# Quesiton on L1A



## dippradhan (Feb 3, 2013)

Hi there,
Could you please tell are there two types of L1A visa? L1A blanket and L1A Individual.
What are the options if L1A is rejected?


----------



## Davis1 (Feb 20, 2009)

dippradhan said:


> Hi there,
> Could you please tell are there two types of L1A visa? L1A blanket and L1A Individual.
> What are the options if L1A is rejected?


In the case of a blanket L-1 visa petition, it has already been determined by USCIS that the company qualifies for the issuance of Intracompany Transferee visa, so the individual visa applicant need only file a copy of the approved blanket petition, along with documents supporting their personal qualifications, with the U.S. consulate or embassy having jurisdiction over their place of residence proving the applicant's qualifications

you dont give the reason for the denial


----------



## dippradhan (Feb 3, 2013)

Thanks for your response. Could you please tell me if there is any L1 A Individual visa or is it just L1 B Individual ?


----------



## Davis1 (Feb 20, 2009)

dippradhan said:


> Thanks for your response.

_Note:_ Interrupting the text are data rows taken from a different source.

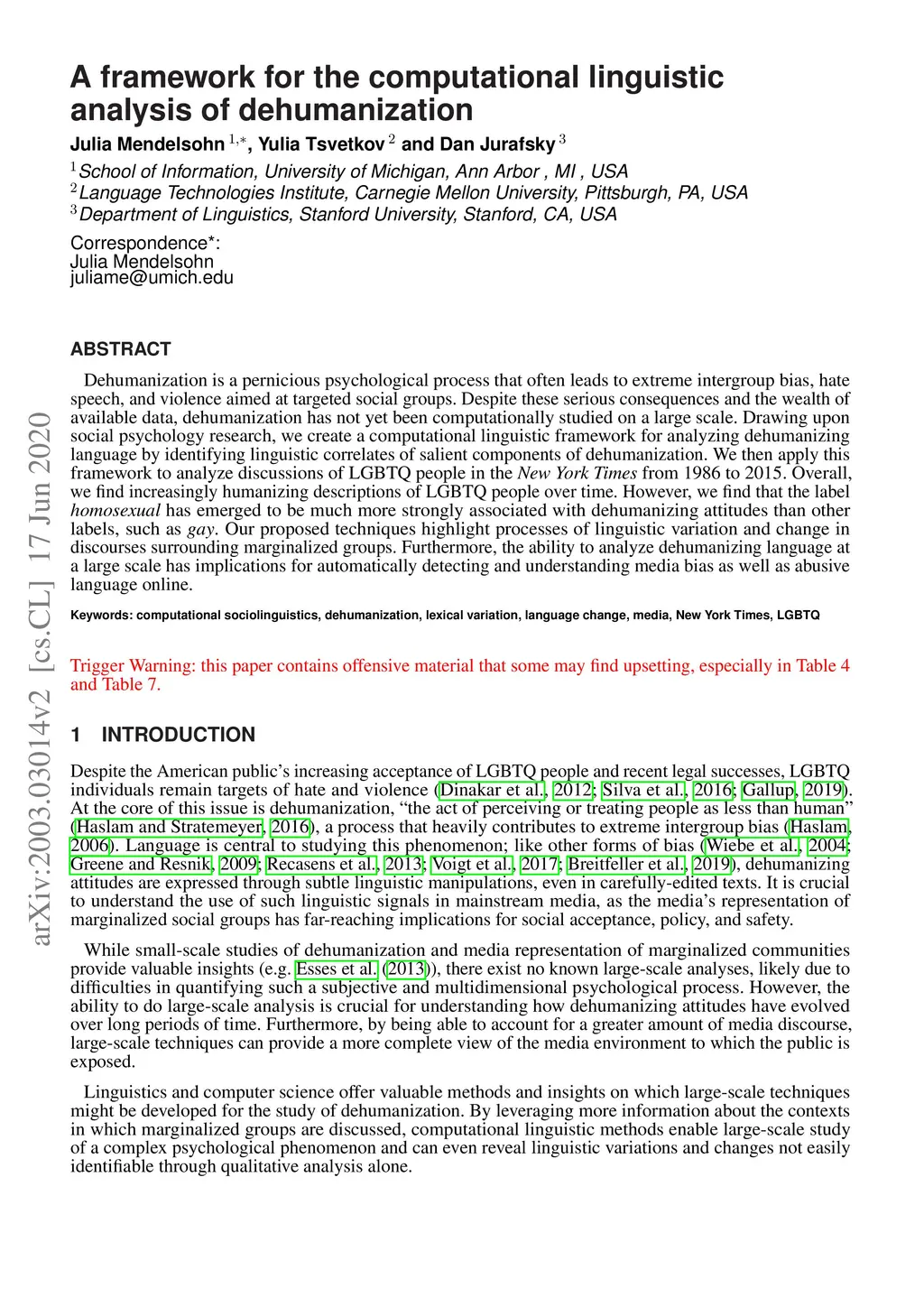 A Framework for the Computational Linguistic Analysis of Dehumanization
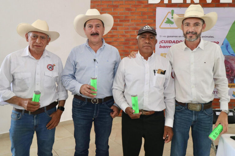 Como parte de las acciones preventivas, Barba Arrocha entregó kits para la toma de muestras de larvas del gusano barrenador y pidió reportar cualquier caso a los teléfonos: 800 751 2100 y WhatsApp: 55 3996 4462 o al correo electrónico: gestioncpa.dgsa@senasica.gob.mx
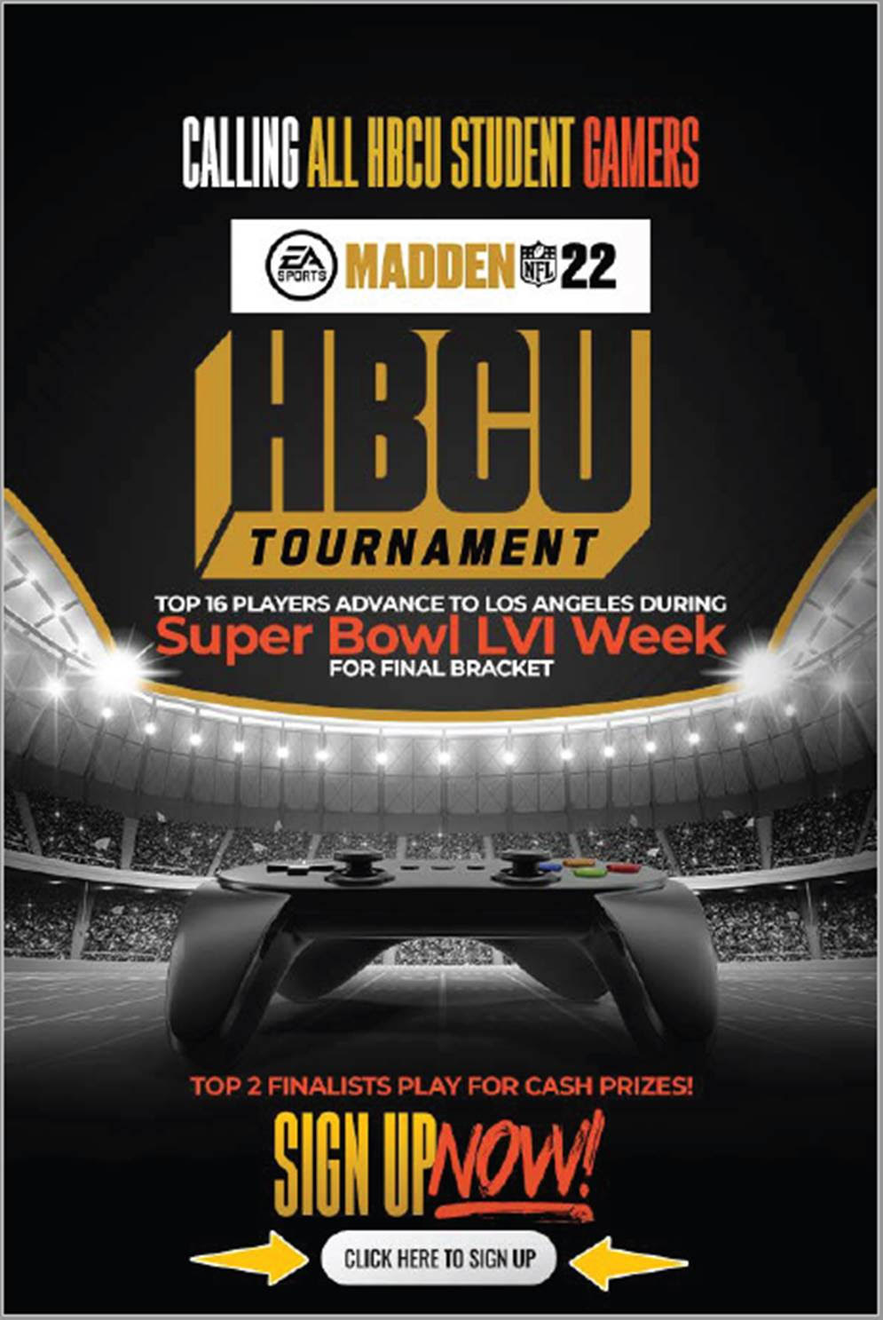 Registration will be open until Dec. 3, 2021, with limited slots for an online single elimination qualifier tournament on December 5, 2021. The top 16 finalists will advance to compete in the NFL Madden x HBCU Showcase during Super Bowl Week in Los Angeles. Players can register to compete in the tournament at http://hbcutournament.nfl.com/.
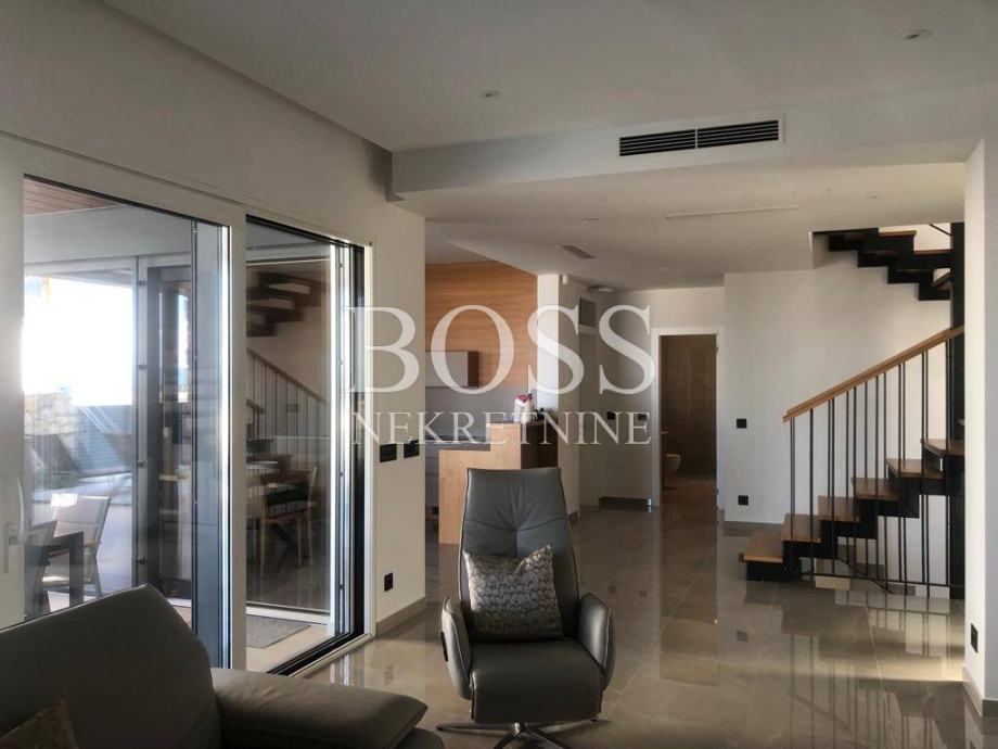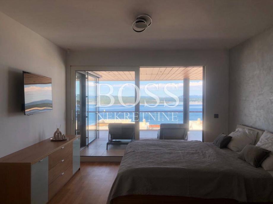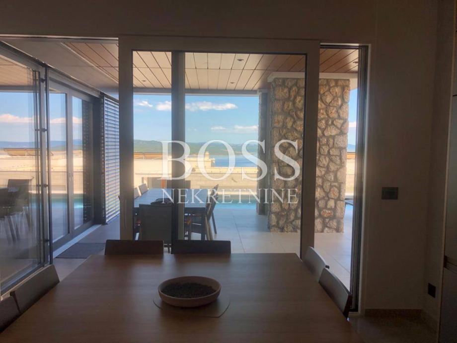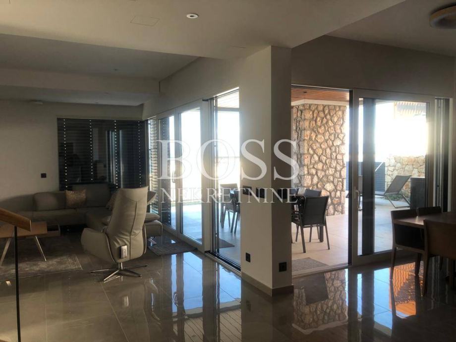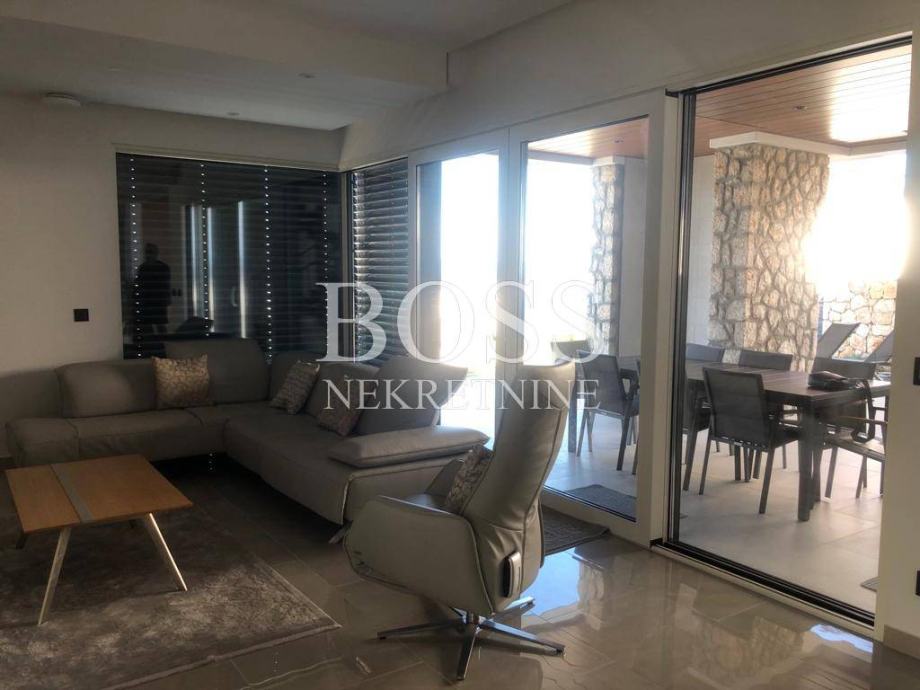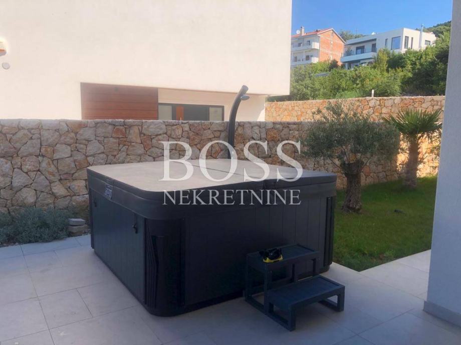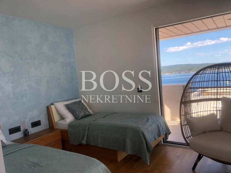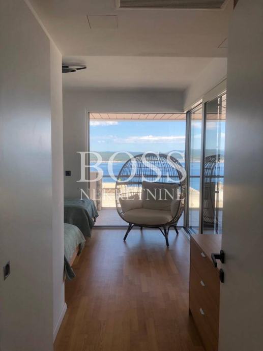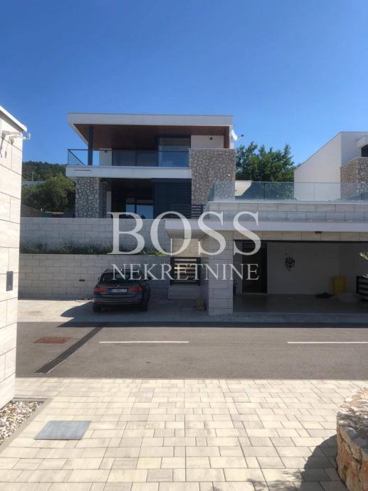 Na lijepoj i mirnoj lokaciji u Crikvenici prodaje se vila koja je opremljena sustavom pametnih kuća, upravljanje preko mobilnih aplikacija dizalicama topline (podno i kanalno hlađenje), alarmnim sustavom, sustavom vizualnog nadzora, protuprovalnim šifriranim vratima, roletama na struju, upravljanje rasvjetom, upravljanje režimom rada bazena i upravljanje navodnjavanja okućnice. Materijali koji su korišteni u gradnji vile su vrhunske kvalitete od renomiranih proizvođača, aluminijska stolarija s podizno zakretnim električnim roletama kao i troslojnim toniranim staklima. Fasada objekta na razini energetskog razreda A+. Podovi su popločeni vrhunskom talijanskom keramikom, osim u sobama gdje je postavljen vrhunski troslojni parket. Zidovi su obojani bojama vrhunskih proizvođača s detaljima koji su okrečeni dekorativnom tehnikom. Unutarnja stolarija kombinacija je drveta i stakla, unutarnje stepenice tzv. lebdeće stepenice sa staklenom ogradom. Elektro oprema modularni prekidači i utičnice, rasvjeta dizajnerskog karaktera od koje je jedan dio unikata. Interijer je opremljen trendovskim namještajem, kuhinja s Miele aparatima. Svaka spavaća soba ima svoju kupaonu s toaletom. Wellness oaza, prostrane terase s otvorenim pogledom na more već iz prizemlja. Eksterijer je izveden kako bi se postigla maksimalna diskrecija, ozelenjen autohtonim biljem maslina, lavande, vanjski grijani bazen, sunčalište, natkrivena terasa za odmor, te prostorom za pripremu hrane. Vila ima duplu garažu opremljenu brzim kućnim elektro punjačem za osobna vozila i 2-3 parkirna mjesta. Nekretnina vrijedna pažnje. Boss, kontakt: 091/377-1010
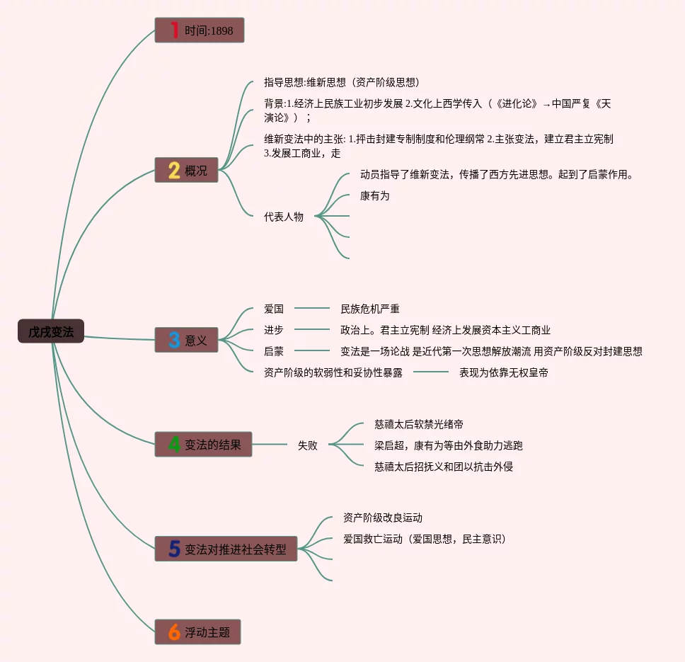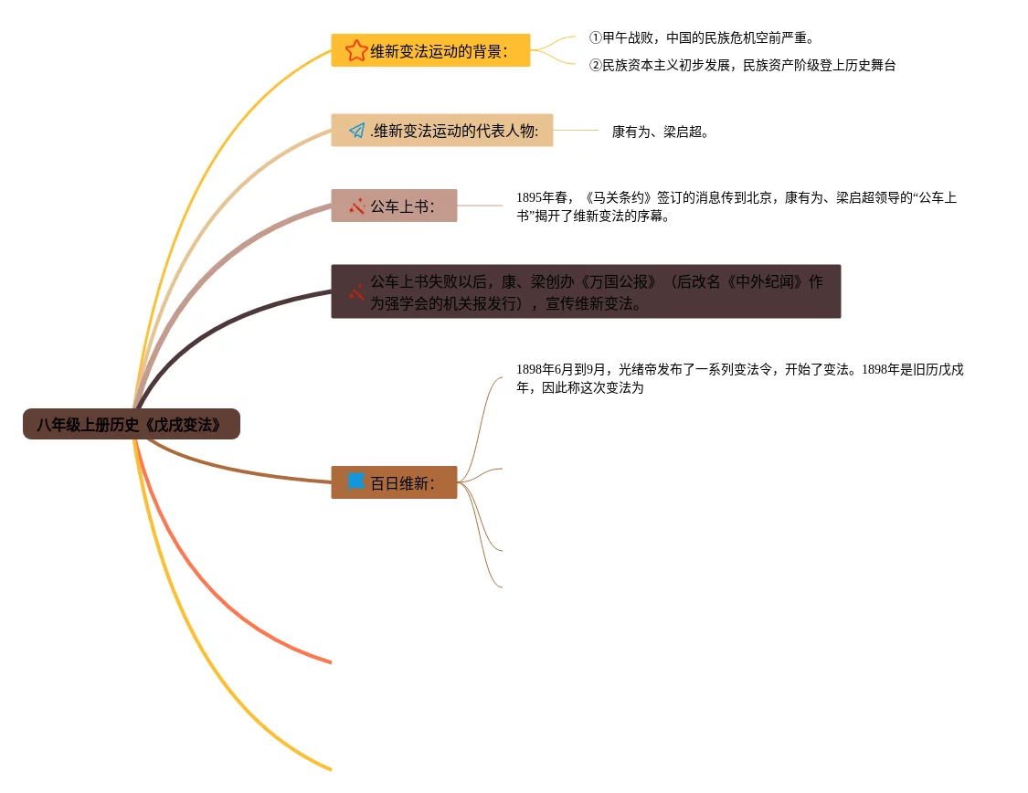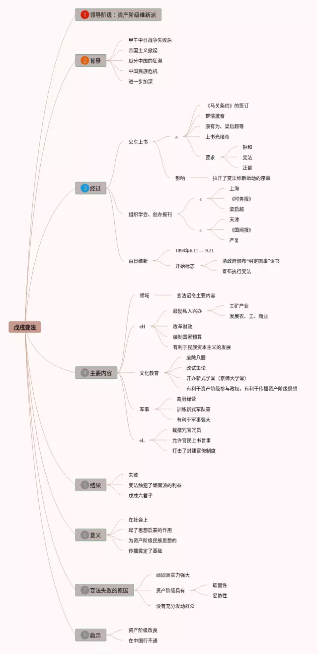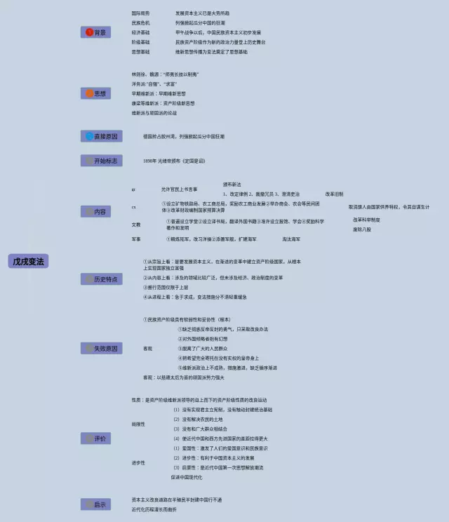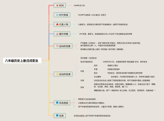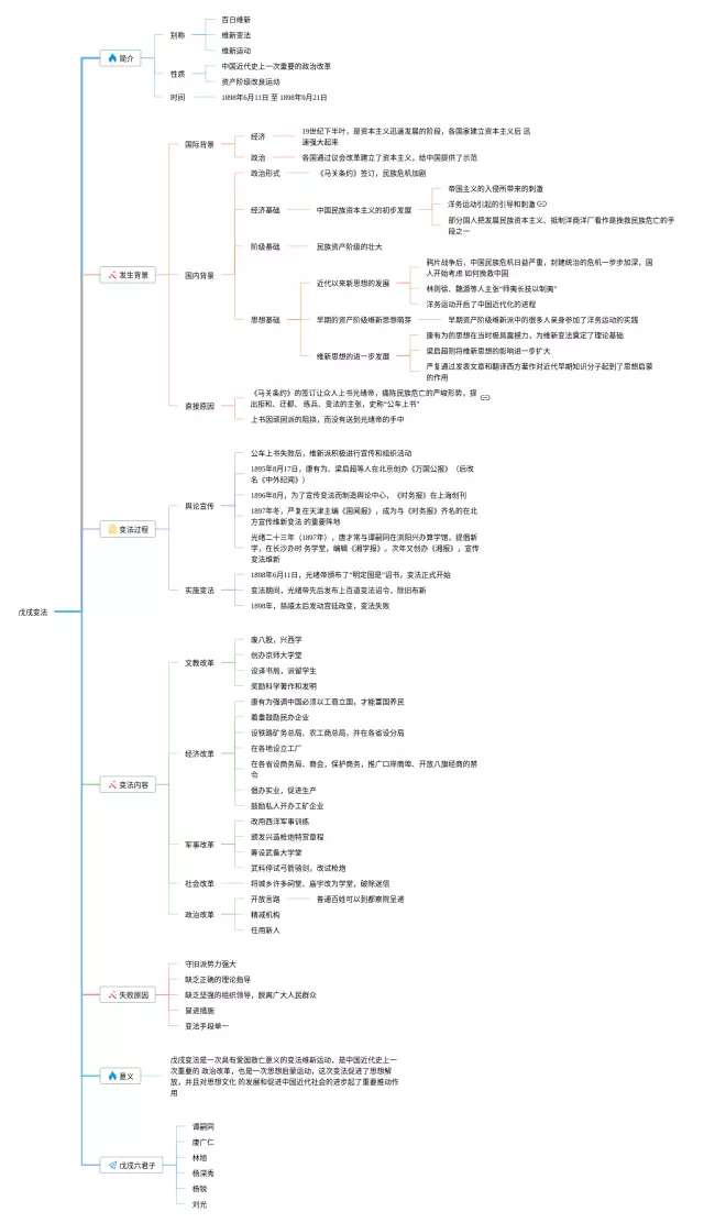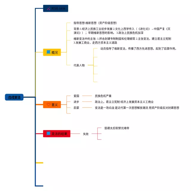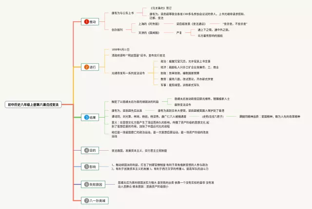 22张戊戌变法思维导图汇总,戊戌变法思维导图,内容涵盖推动、进行、结果、目的、影响等7个知识点,22张值得收藏,每张思维导图都非常清晰,每张图片均值得收藏。
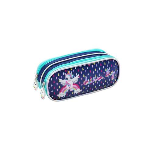 Dois confeccionado em Poliéster Fechamento em zíper Compartimentos espaçosos Design exclusivo Medidas aproximadas: Altura: 10 cm Largura: 7 cm Comprimento: 22 cm CUIDADOS: - Guarde em um local seco e arejado evitando locais úmidos. - Evite colocar excesso de peso no produto para não forçar os zíperes e costuras. - Proteja os objetos cortantes e/ou pontiagudos evitando o contato direto com o produto. - Evitar altas temperaturas. - Cores claras poderão manchar quando em contato com outros objetos ou roupas de cores pigmentadas.
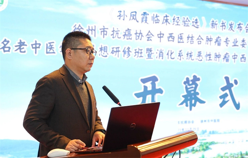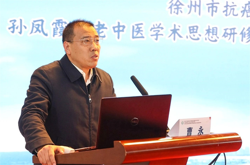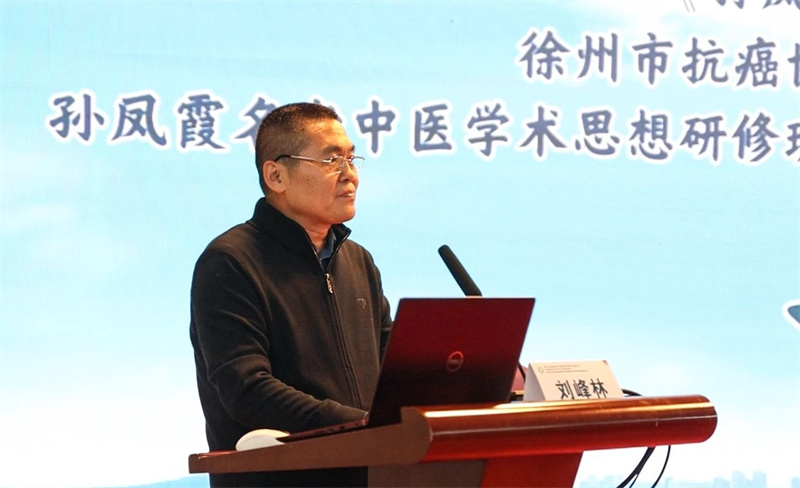徐州市卫健委党委委员、副主任曹永,徐州市中医院党委副书记、院长殷海涛,徐州市抗癌协会王伟林理事长,全国名老中医、博士生导师孙凤霞教授,人民卫生出版社李剑光主任等出席会议。孙凤霞教授学术经验继承人、徐州市中医院肿瘤二科刘峰林主任主持了会议。
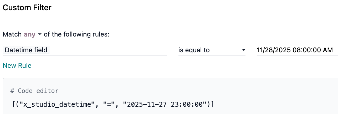 <span t-field="doc.x_studio_datetime" t-options="{'widget': 'date'}"/><span t-out="doc.x_studio_datetime.strftime('%d/%b/%Y %I:%M %p')"/>Date components | Time components | ||||||||||||||||||||||||||||||||

Could you please tell me if there is any L1 A Individual visa or is it just L1 B Individual ?


Yes ther are that amaller company file for ... you xcnnot file fore any 
employmernt visa

the blanket is the one used by huge dcorporation..sucvh as GMC and FORD who send manager overseas all the time 

The L-1 visa has two subcategories: L-1A for executives and managers, and L-1B for workers with specialized knowledge

do not deal with consulants 
L-1 visa - Wikipedia, the free encyclopedia


----------